#### The data ####

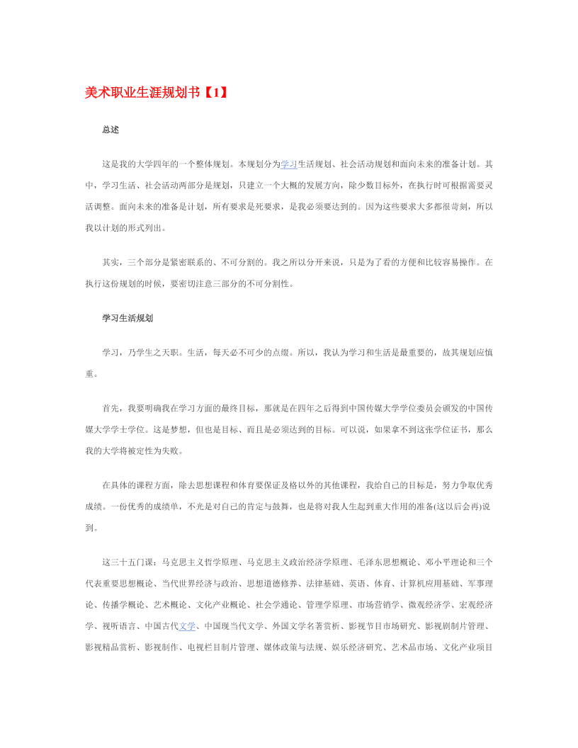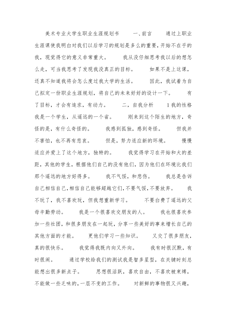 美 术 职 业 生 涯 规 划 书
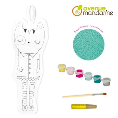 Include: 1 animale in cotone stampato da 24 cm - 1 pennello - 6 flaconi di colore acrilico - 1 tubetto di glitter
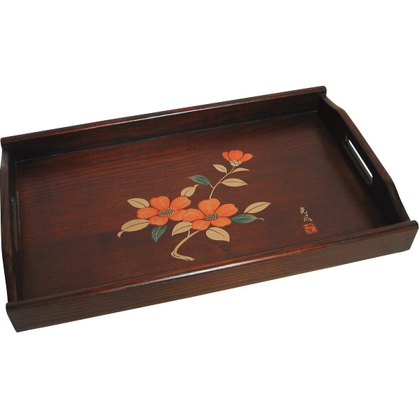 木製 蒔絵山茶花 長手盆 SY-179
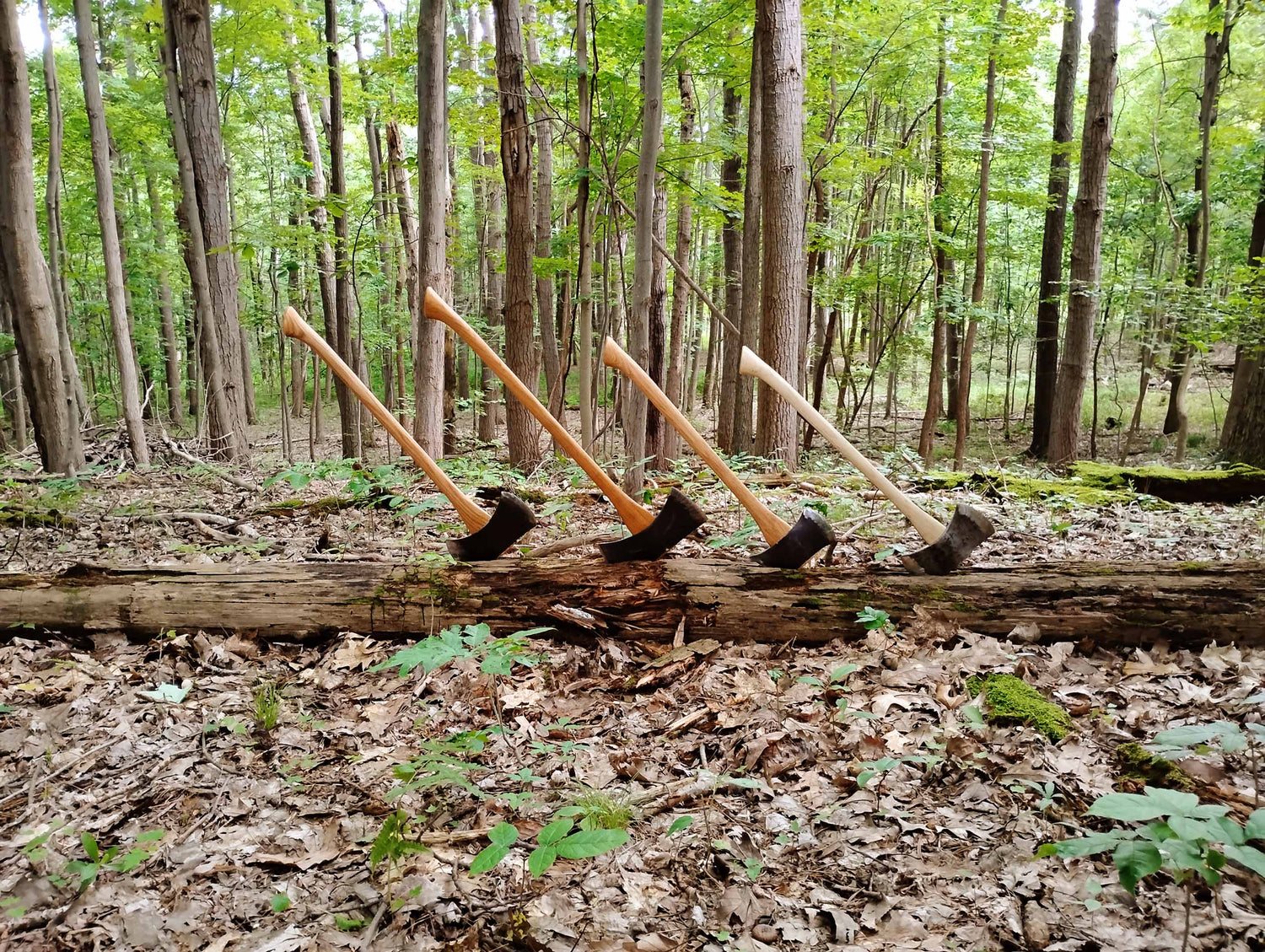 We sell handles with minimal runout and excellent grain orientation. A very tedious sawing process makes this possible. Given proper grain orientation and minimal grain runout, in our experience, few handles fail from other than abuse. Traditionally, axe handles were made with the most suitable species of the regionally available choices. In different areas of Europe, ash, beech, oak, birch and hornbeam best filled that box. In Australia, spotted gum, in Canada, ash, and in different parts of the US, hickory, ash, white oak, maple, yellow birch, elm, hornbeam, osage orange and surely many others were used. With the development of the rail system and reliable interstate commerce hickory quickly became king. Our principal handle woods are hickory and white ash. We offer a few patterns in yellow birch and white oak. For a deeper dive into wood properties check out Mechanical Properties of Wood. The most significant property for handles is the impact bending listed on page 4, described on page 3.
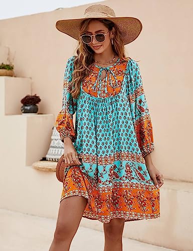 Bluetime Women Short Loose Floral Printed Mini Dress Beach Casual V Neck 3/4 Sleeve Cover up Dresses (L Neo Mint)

####

__Task to complete__.
Reproduce, word for word, every line from the start of the records down to and including the line with "木製 蒔絵山茶花 長手盆 SY-179"; skip the pictures.

__Final answer__.
 美 术 职 业 生 涯 规 划 书
 Include: 1 animale in cotone stampato da 24 cm - 1 pennello - 6 flaconi di colore acrilico - 1 tubetto di glitter
 木製 蒔絵山茶花 長手盆 SY-179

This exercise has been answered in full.